*About this exercise*
Please transcribe the listing that follows exactly; images are to be excluded.

*Recorded information*

= Beginning of Section =

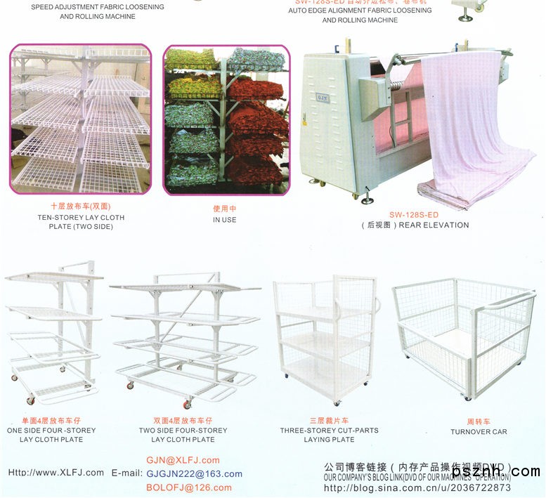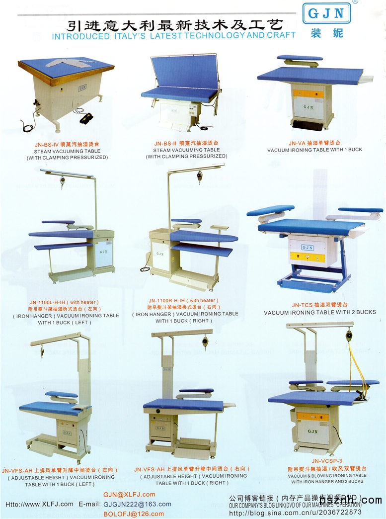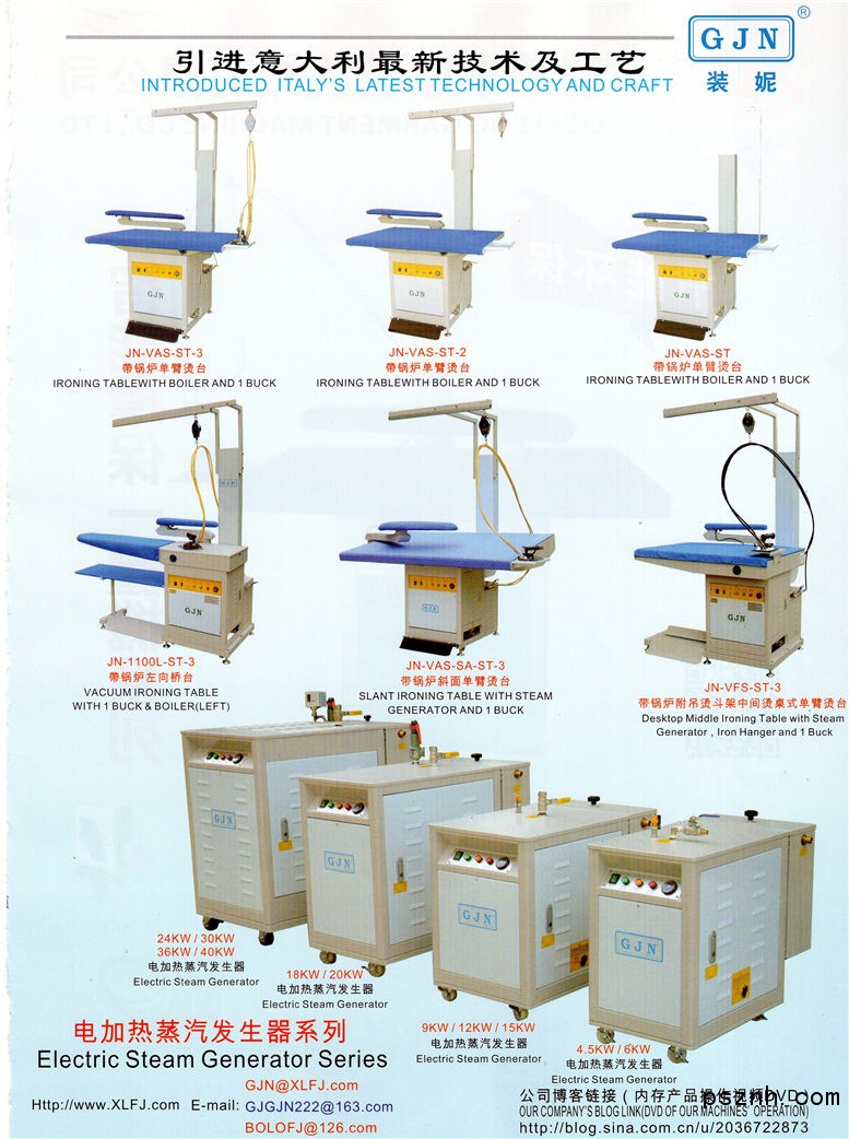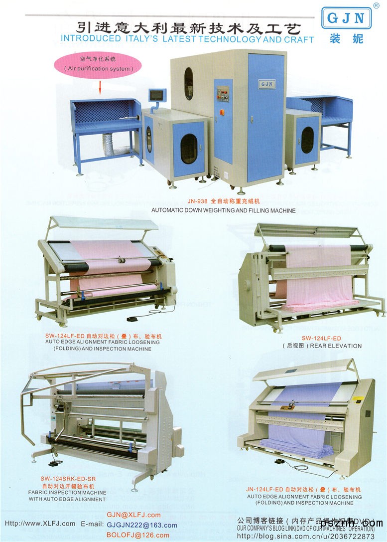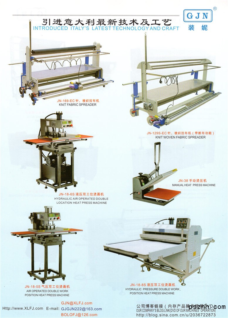 公司現生產的主要產品有:驗布機、面料預縮定型機、拉布機、自動齊邊無張力卷布機、自動齊邊松布機、切捆條機、縱直紋卷布機、自動對折縫合劈縫機、商標轉印機、粘合機、自動稱重充絨機、真空抽濕燙床、吸線頭機、吸塵掃毛機、反褲機、抽/吹風燙臺、電蒸汽燙鬥、檢針機、多功能量帶機、蒸汽夾機、襯衫機、靜電消除裝置等等。
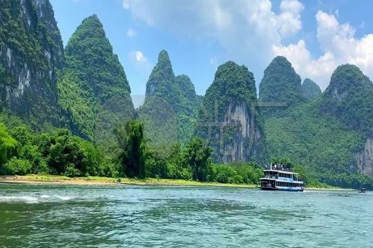 桂林漓江景区是世界上规模大、风景最美的岩溶山水游览区,是喀斯特地形发育最典型的地段,漓江水一年四季晶莹透亮酷似一条青罗带,蜿蜒于万千奇峰间,两岸山峰奇异峻美。
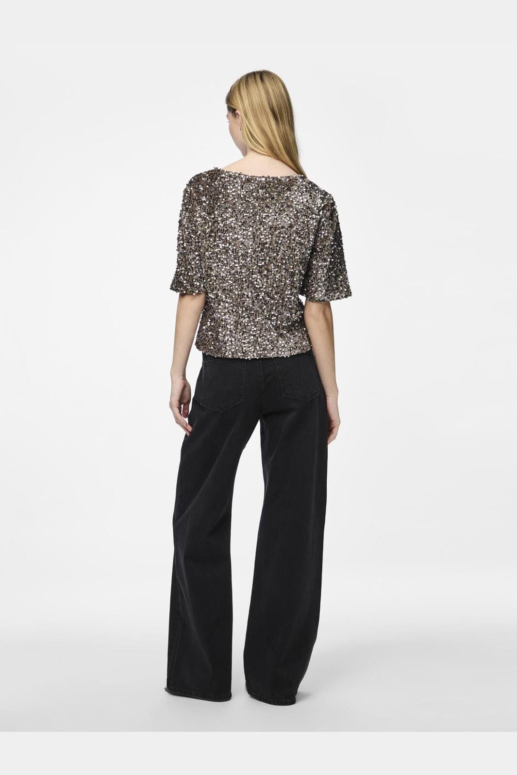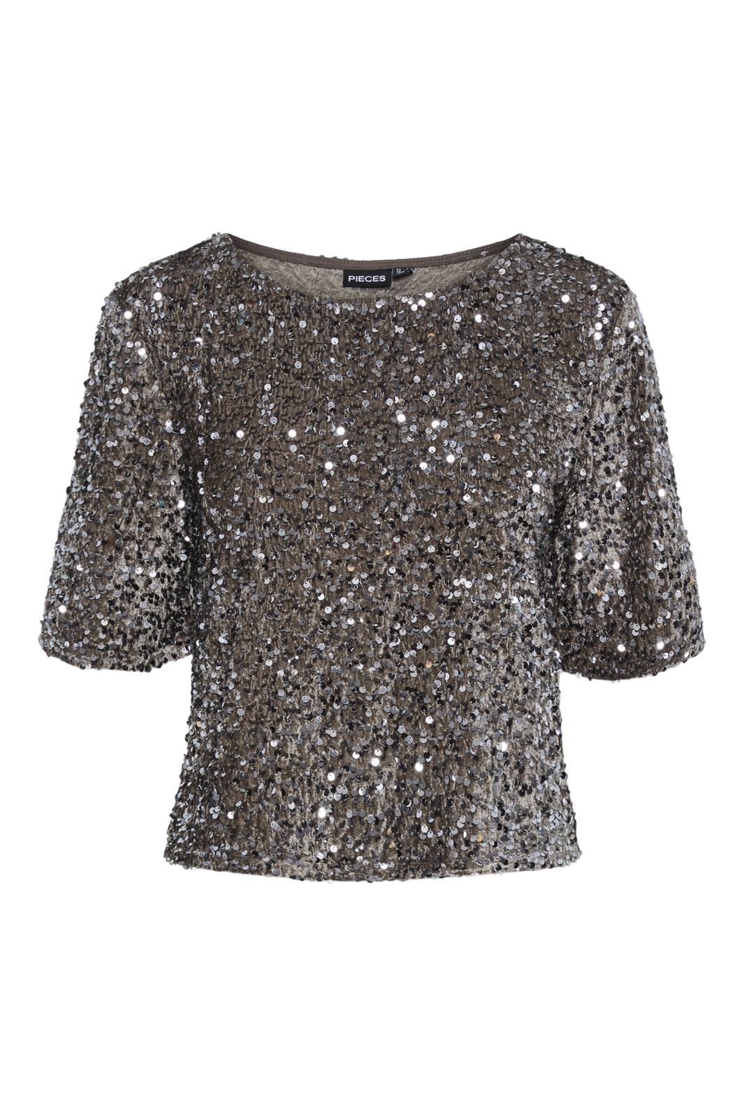 Pieces Pckam Ss Top Kolor: 4641548 Morel Silver Sequins

= End of Section =

*Response for this exercise*
 公司現生產的主要產品有:驗布機、面料預縮定型機、拉布機、自動齊邊無張力卷布機、自動齊邊松布機、切捆條機、縱直紋卷布機、自動對折縫合劈縫機、商標轉印機、粘合機、自動稱重充絨機、真空抽濕燙床、吸線頭機、吸塵掃毛機、反褲機、抽/吹風燙臺、電蒸汽燙鬥、檢針機、多功能量帶機、蒸汽夾機、襯衫機、靜電消除裝置等等。
 桂林漓江景区是世界上规模大、风景最美的岩溶山水游览区,是喀斯特地形发育最典型的地段,漓江水一年四季晶莹透亮酷似一条青罗带,蜿蜒于万千奇峰间,两岸山峰奇异峻美。
 Pieces Pckam Ss Top Kolor: 4641548 Morel Silver Sequins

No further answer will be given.